Хочу я быть певцом и
гражданином,
Чтоб каждому как
гордость и пример
Быть настоящим,
а не сводным сыном
В великих штатах СССР!
Но видел поэт и другое: стремление людей к лучшему почему-то чаще всего используется как таран для разрушения хорошего. Что это – глумливый закон истории? Или подобно тому как сам Есенин не смог спастись от своего «черного человека», так и мы не можем спастись от «черных людей», живущих в нас самих?

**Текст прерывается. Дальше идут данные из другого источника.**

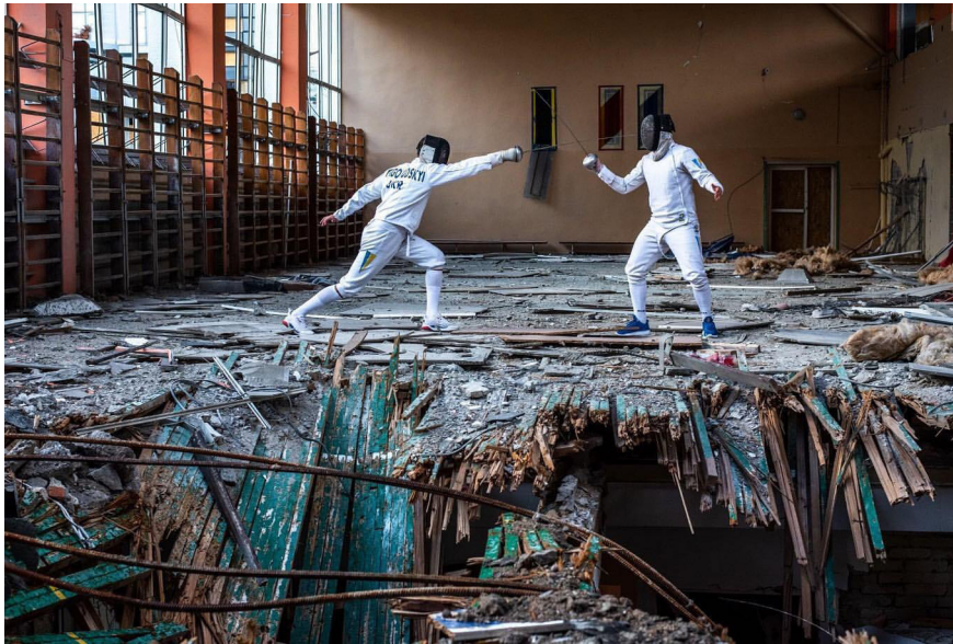
Figure 2 Sports club ‘Unifecht’ (Kharkiv city, Ukraine) after rocket attacks.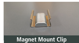
Magnet Mount Clip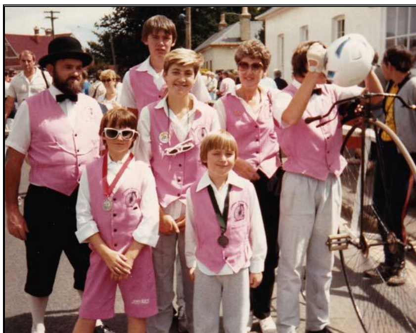
This article and photo courtesy of The Velocipedist Issue 160 April 2015.

Our condolences have been forwarded to Rod and the Driver family.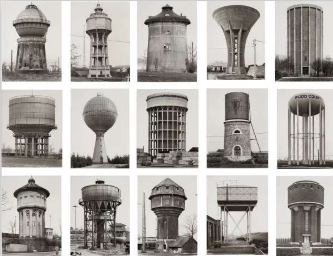
Water Towers, Bernd and Hilla Becher, 1965-1997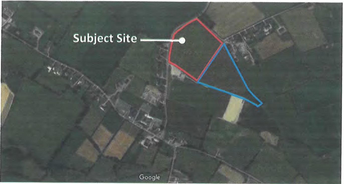
Map 1 - Site Location Map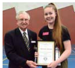
Arthur Leggett Writing Prize Supported by the Lodge of Sincerity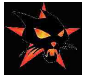
more info: actforfree.nostate.net en.contrainfo.espiv.net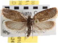
CNCLEP00101768 [Dorsal] Acleris minuta BIN URI: BOLD:AAE3758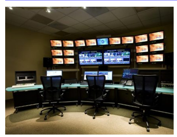
Security Command Center

IMPERIAL specializes in Distribution security. Distribution presents complex security tasks such as access control, employee screening, surveillance, and loss prevention. Wherever there is a concentration of valuable goods, criminals will try to infiltrate and exploit any security weaknesses. Let our IMPERIAL experts check for vulnerabilities in your security.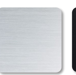
Clear Matte Brushed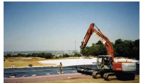
Left Cooling Lagoon Yorkshire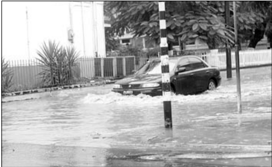
Corner of Laborie and Jeremie Streets after heavy rainfall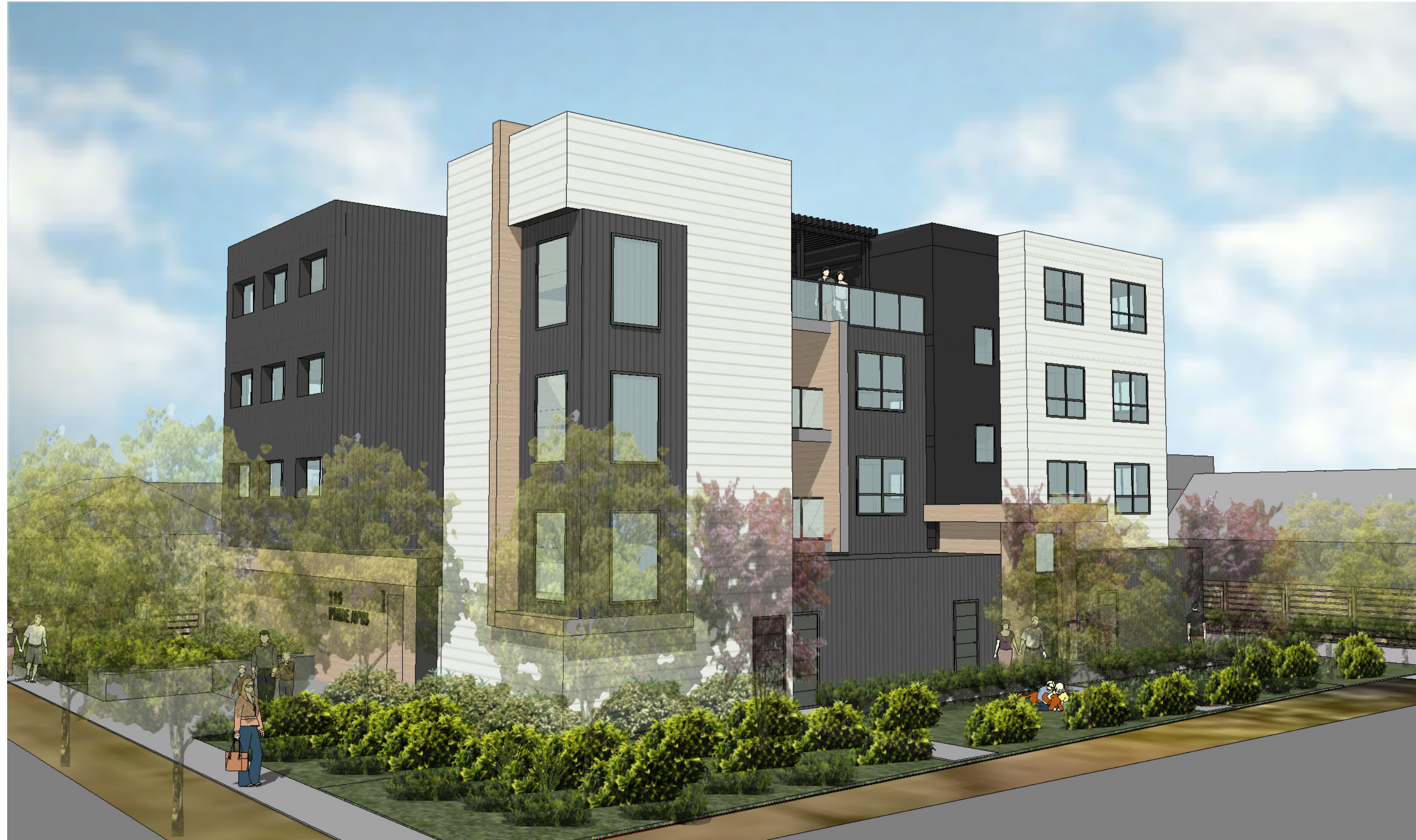
CORNER VIEW, PRYDE AND BARTLETT STREET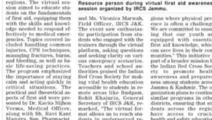
Resource person during virtual first aid awareness session organized by IRCS Jammu.

Indian Red Cross Society organizes virtual first aid awareness session. The session was held on a virtual platform, where participants learned about various first aid techniques and the importance of staying calm in critical situations.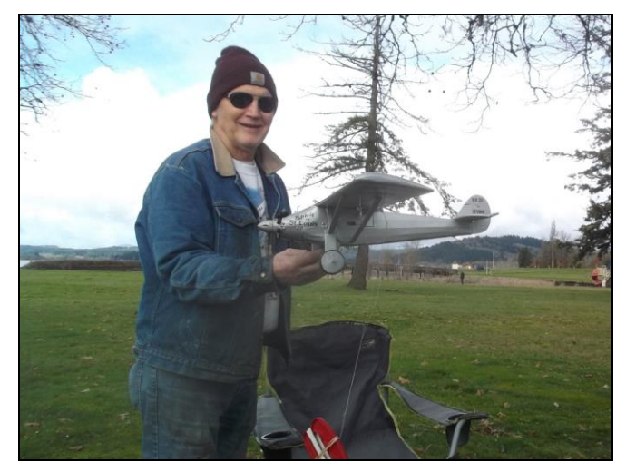
Show and Tell - Better view of both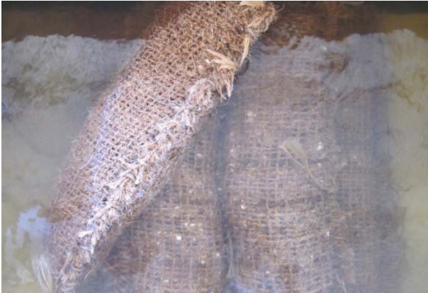
Figure 7 After complete displacement of crest bag (3 tiers, WL = 0.40 m, T = 2 s, H = 0.18 m). Note – waves were travelling from right to left.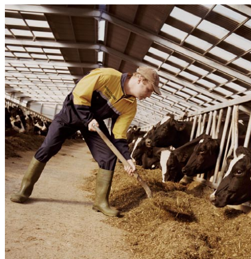
95% of human exposure is from animal fat in the diet.

You need a laboratory with the breadth of services, comprehensive quality assurance program, and global food/feed monitoring experience of Pace Analytical. The World Health Organization (WHO) has been advocating global food supply testing for toxic compounds like dioxin/furan and PCBs for several years. Following a significant food contamination event in Belgium, the European Union (EU) established safe levels for dioxin in food and animal feed. Many other countries throughout the world require dioxin testing of targeted food and feed imports. Pace Analytical provides EU and WHO compliant testing for all food and animal feed products from anywhere in the world.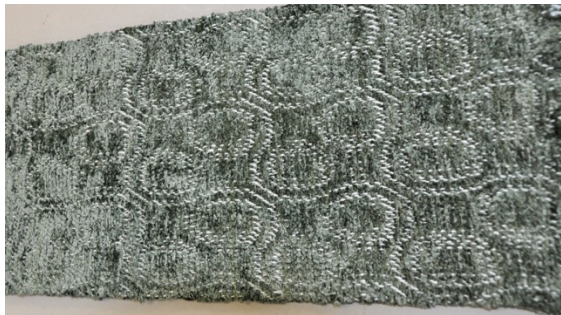
Kathy's "Big Twill" chenille scarf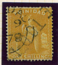
fig 9/art 2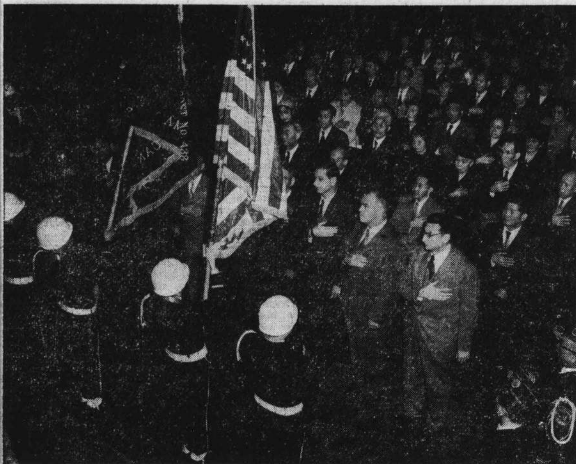
Flag salute opens ceremonies to bestow certificates to some 160 Issei finishing Americanization classes at San Francisco's First Evangelical and Reformed church. Colors were advanced by the color guard of Townsend Harris Post of the American Legion. Classes were conducted in Japanese under auspices of the JACL and Committee on Citizenship for Issei. Certificates were given by the San Francisco public school adult education division.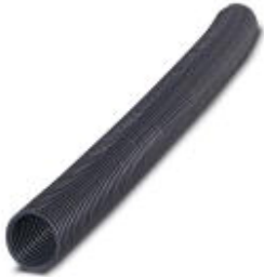
Protective hose, for protective house screw connection, packing volume: 50 m, Pg16

Please be informed that the data shown in this PDF Document is generated from our Online Catalog. Please find the complete data in the user's documentation. Our General Terms of Use for Downloads are valid ( http://phoenixcontact.com/download )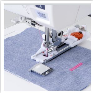
10 ONE-STEP BUTTONHOLES, 9 MM STITCHES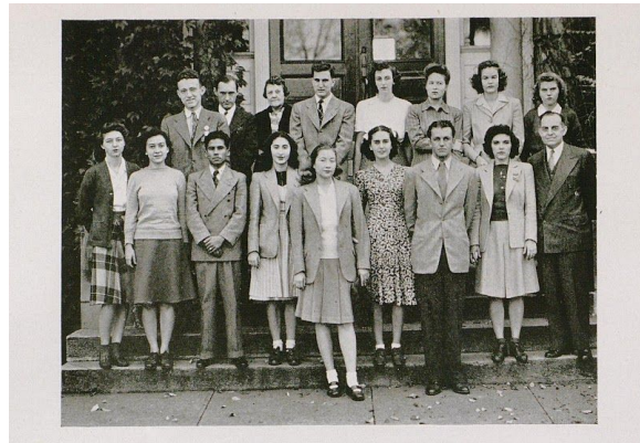
Cosmopolitan Club 1945

While analyzing history of the University after the first ten years of its inception, the focus on the first students of Latin American descent at the University of Kentucky shifted to collective student efforts. The Cosmopolitan Club provided a space for students from the United States and international students to gather and learn from one another. The organization's presence throughout the twentieth century, existing as early as 1912 but being officially founded in 1921, held a strong influence on the infrastructure of culturally-based student organizations at the University of Kentucky. The long-lived student organization catered to meet the needs of international students throughout their endeavours navigating the University of Kentucky. While their presence tapered off in the early twenty-first century, the Cosmopolitan Club's student-led efforts to showcase underrepresented communities and encourage cross-cultural relations continue to exemplify the unity through diversity Latino-student serving organizations emphasize today.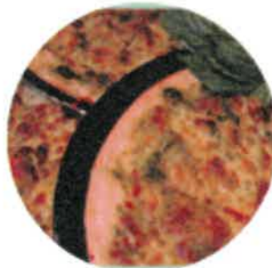
Basil Pesto Party Pack Medium 13" - $39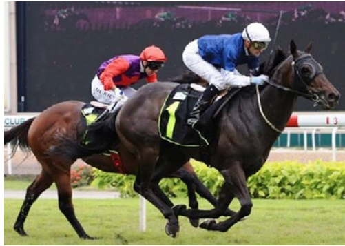
Magnum (NZ) (Per Incanto)

The winner of last season's Gr.3 Eclipse Stakes and runner-up in the Karaka Million, Hasahalo's main target will be the Gr.1 gavelhouse.com 1000 Guineas at Riccarton in November.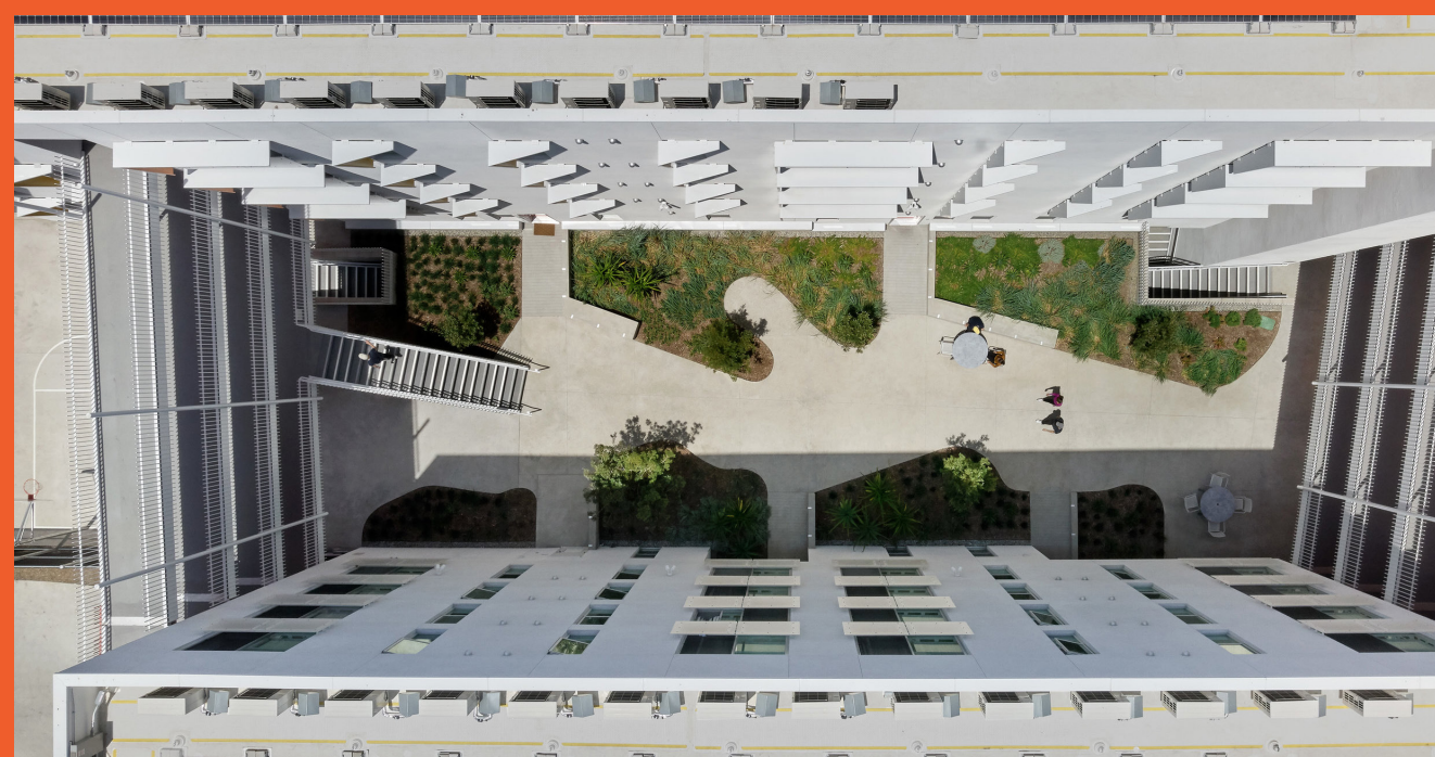
Vertical access through stairways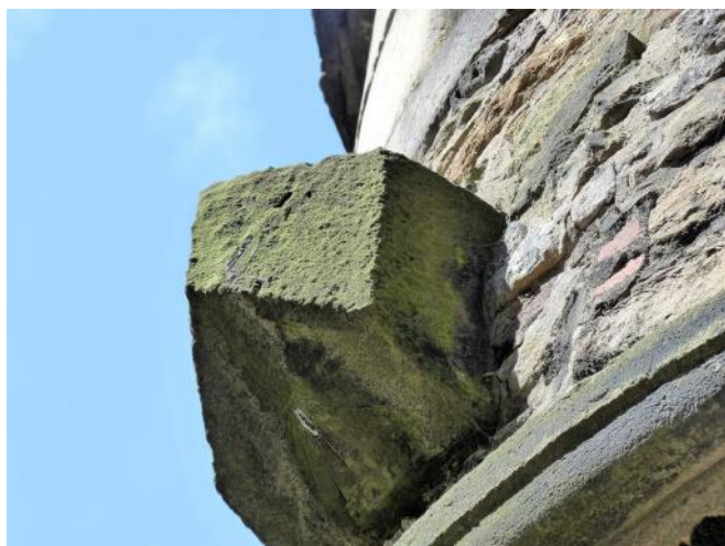
Fig. 8. Easter Coates sundial's proclining face.

The Easter Coates dial's proclining face is south facing and several Arabic numerals and hour lines can still be seen as well as the remains of the gnomon (Fig. 8). It also has east- and west-declining dials with only the east-declining dial having any remaining Arabic numerals (Figs 9 and 10), but both dials have gnomon holes. There is no evidence that

О мучившей и жегшей поэта любви к родному краю написано очень много. Но вспомним: о своей любви к Отечеству он настойчиво и безоглядно писал в те годы, когда многими Россия мыслилась всего лишь как огромная вязанка хвороста, приготовленная для мирового революционного костра, когда все, что составляло славу дореволюционной державы, было объявлено позорным историческим хламом, когда за отчетливый и даже безотчетный патриотизм можно было угодить в ЧК, что, собственно, и случилось с поэтами есенинского круга. Сегодня, когда многое повторяется, совершенно по-особенному воспринимаются слова, вложенные Есениным в уста одного из обитателей «Страны негодяев»:
Страна негодует на нас.
В стране еще дикие нравы.
Здесь каждый Аким и Панас
Бредит имперской славой.
Еще не изжит вопрос,
Кто ляжет в борьбеvиз нас.
Честолюбивый росс
Отчизны своей не продаст…
Эти «дикие нравы» через шестнадцать лет после гибели поэта спасли Отечество в войне с фашизмом, когда мировой пожар все-таки взметнулся, но совсем не тот, на который рассчитывали. Полагаю, и ныне эти же «дикие нравы» вызволят Россию из теперешней вялотекущей катастрофы. Если переводить поэзию Есенина на современный политический язык (иногда, очень редко, это стоит делать!), можно сказать: наш национальный гений никак не хотел смириться с тем, чтобы во имя «общечеловеческих ценностей» жертвовали интересами страны, ее геополитическими константами, укладом жизни, культурой. Просто в те годы под «общечеловеческими ценностями» понимались социализм и революция, а сегодня – как раз наоборот. Поэт отчетливо сознавал: общечеловеческие и национальные ценности противостоять друг другу не могут. Если они противостоят, то какая-то одна из «ценностей» фальшива… Даже в моменты оптимистического очарования, в минуты готовности «идти по выбитым следам», даже допуская счастливое завершение начатого большевиками социального эксперимента, Есенин был непреклонен в одном:
Но и тогда,
Когда на всей планете
Пройдет вражда племен,
Исчезнут ложь и грусть,
Я буду воспевать
Всем существом в поэте
Шестую часть земли
С названьем кратким
«Русь».
И еще об одном трагическом парадоксе мучительно размышлял поэт: на самых крепких цепях, как правило, вычеканено красивое слово «Свобода». Вообще у Есенина, человека, пережившего развал Российской империи, уничтожение сформировавшего его жизненного уклада, были непростые взгляды на те противоречивые, порой взаимоисключающие явления общественной и духовной жизни, которые мы обыкновенно объединяем одним словом – «свобода»:
Еще закон не отвердел.
Страна шумит, как непогода.
Хлестнула дерзко, за предел
Нас отравившая свобода…
Нет, речь не о свободе личности на выбор пути и символа веры. Этой свободы не было с самого начала, когда штурвал взял в руки «застенчивый и милый» капитан Земли. Хотя, впрочем, и те времена, которые поэт именует «царщиной», тоже слишком уж идеализировать не стоит. Есенин ведет речь совсем об иной «свободе» – страшной свободе от нравственности, от долга перед Отечеством, замененного на партийную или мафиозную дисциплину. И он остро предчувствовал, что наследники Ленина «страну в бушующем разливе должны заковывать в бетон», ибо диктатура, даже тирания – это не козни отдельного прорвавшегося к трону властолюбца, а возмездие народу, вольно или невольно пренебрегшему своей исторической миссией.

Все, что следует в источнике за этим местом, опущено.